ACTIVITY
Reproduce the following data exactly, minus any images.

DATASET SECTION
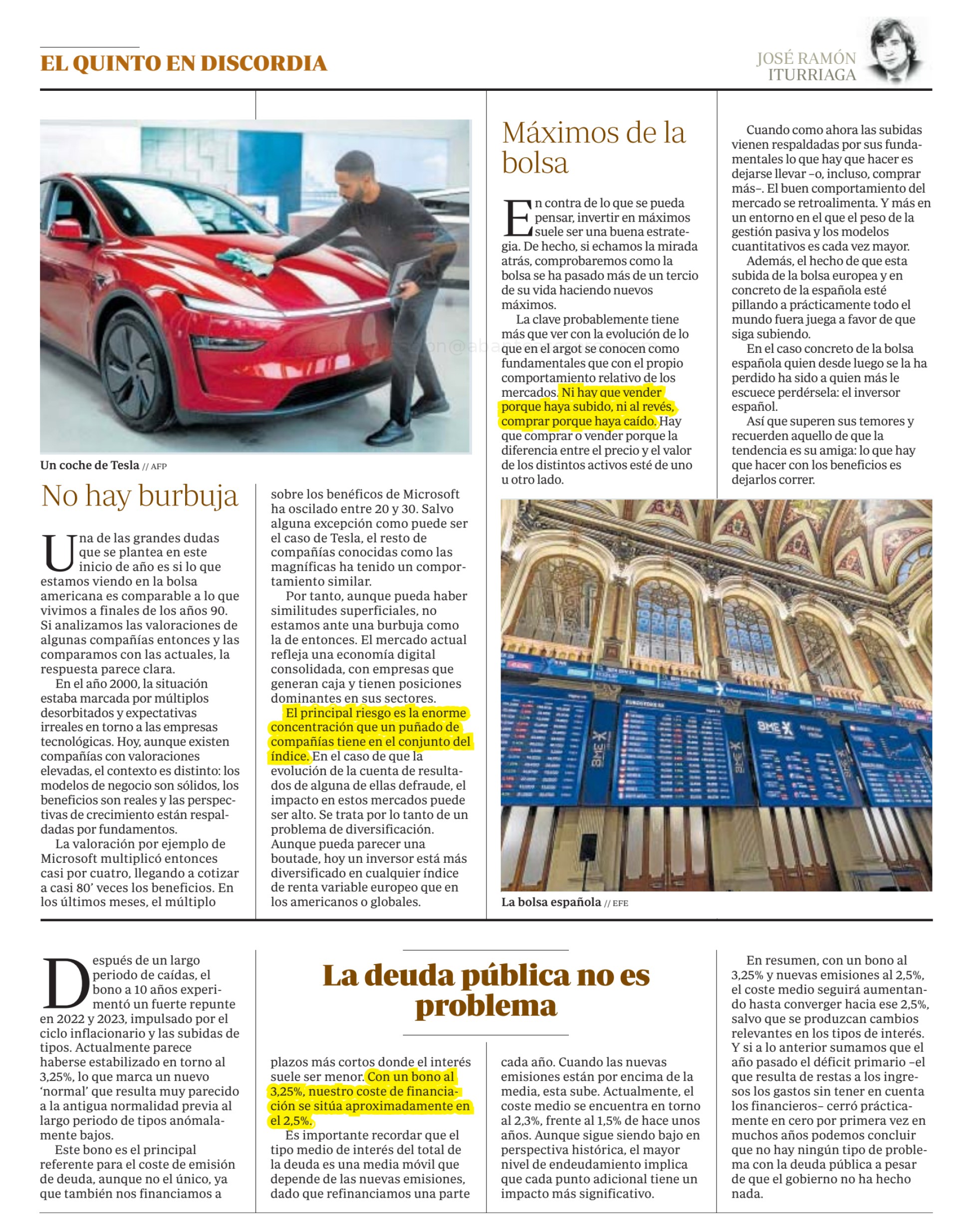 José Ramón Iturriaga, socio y gestor de fondos en Abante, escribe en El quinto en discordia en ABC: «No hay burbuja», «Máximos de la bolsa» y «La deuda pública no es el problema».
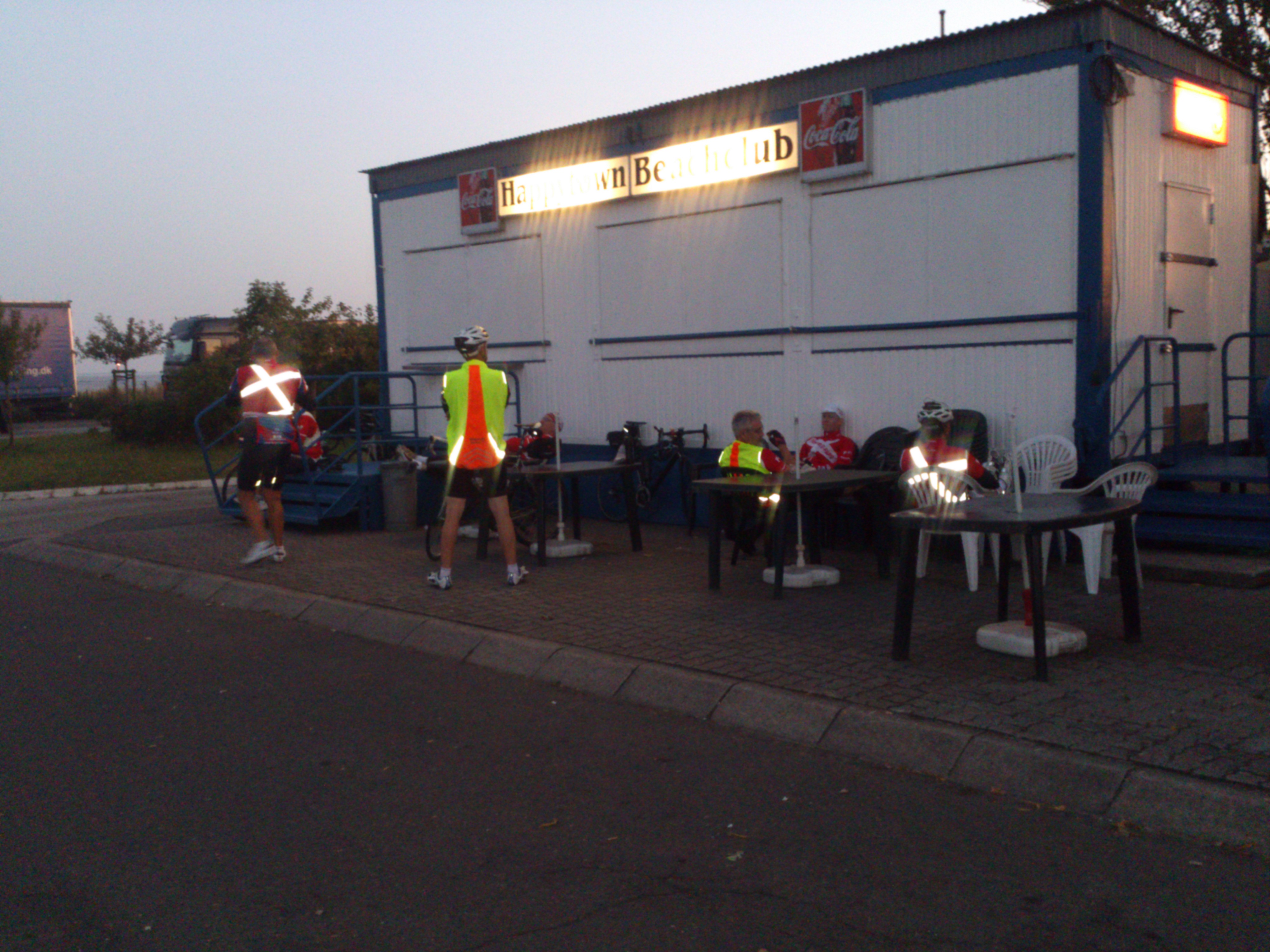 Vi har ikke fått ekstra mat eller fylt vannflaskene siden vi dro fra Haderslev kl. 21 dagen før. Nå er kl. 04:50. Alle i hurtiggruppen kjenner det på kroppen, for det ble holdt relativ høy fart hele natten. Fortsatt vil det gå tre timer til før vi får oss mat. Heldigvis kom en ferjeansatt noe senere og låste opp for oss slik vi kunne få vann i flaskene. Gjorde godt.
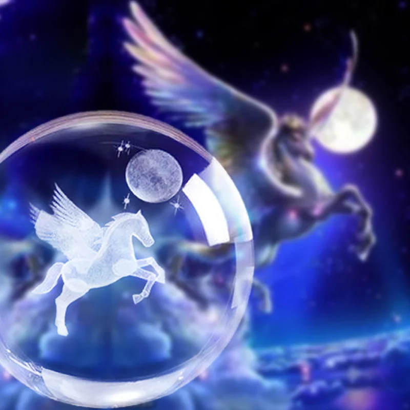 80 мм 3D лазерная гравировка миниатюрный Пегас хрустальный шар Хрустальная сфера для рукоделия стеклянное украшение для дома подарок на день рождения
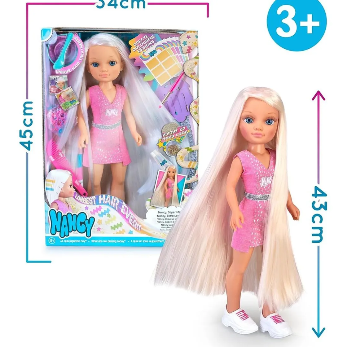 Nancy Súper Melena convertirá cada tarde de juego en una gran aventura. Gracias a su melena extra larga y los accesorios que la acompañan, tendrás un sinfín de posibilidades para crear e imaginar. Prueba diferentes estilos de peinado, como trenzas, coletas o rizos, y combina los diferentes accesorios para hacer de cada día una experiencia única. Además, Nancy tiene una altura de 45 cm, lo que facilitará el manejo a la hora de crear los estilismos.

ANSWER TO THIS TASK
 José Ramón Iturriaga, socio y gestor de fondos en Abante, escribe en El quinto en discordia en ABC: «No hay burbuja», «Máximos de la bolsa» y «La deuda pública no es el problema».
 Vi har ikke fått ekstra mat eller fylt vannflaskene siden vi dro fra Haderslev kl. 21 dagen før. Nå er kl. 04:50. Alle i hurtiggruppen kjenner det på kroppen, for det ble holdt relativ høy fart hele natten. Fortsatt vil det gå tre timer til før vi får oss mat. Heldigvis kom en ferjeansatt noe senere og låste opp for oss slik vi kunne få vann i flaskene. Gjorde godt.
 80 мм 3D лазерная гравировка миниатюрный Пегас хрустальный шар Хрустальная сфера для рукоделия стеклянное украшение для дома подарок на день рождения
 Nancy Súper Melena convertirá cada tarde de juego en una gran aventura. Gracias a su melena extra larga y los accesorios que la acompañan, tendrás un sinfín de posibilidades para crear e imaginar. Prueba diferentes estilos de peinado, como trenzas, coletas o rizos, y combina los diferentes accesorios para hacer de cada día una experiencia única. Además, Nancy tiene una altura de 45 cm, lo que facilitará el manejo a la hora de crear los estilismos.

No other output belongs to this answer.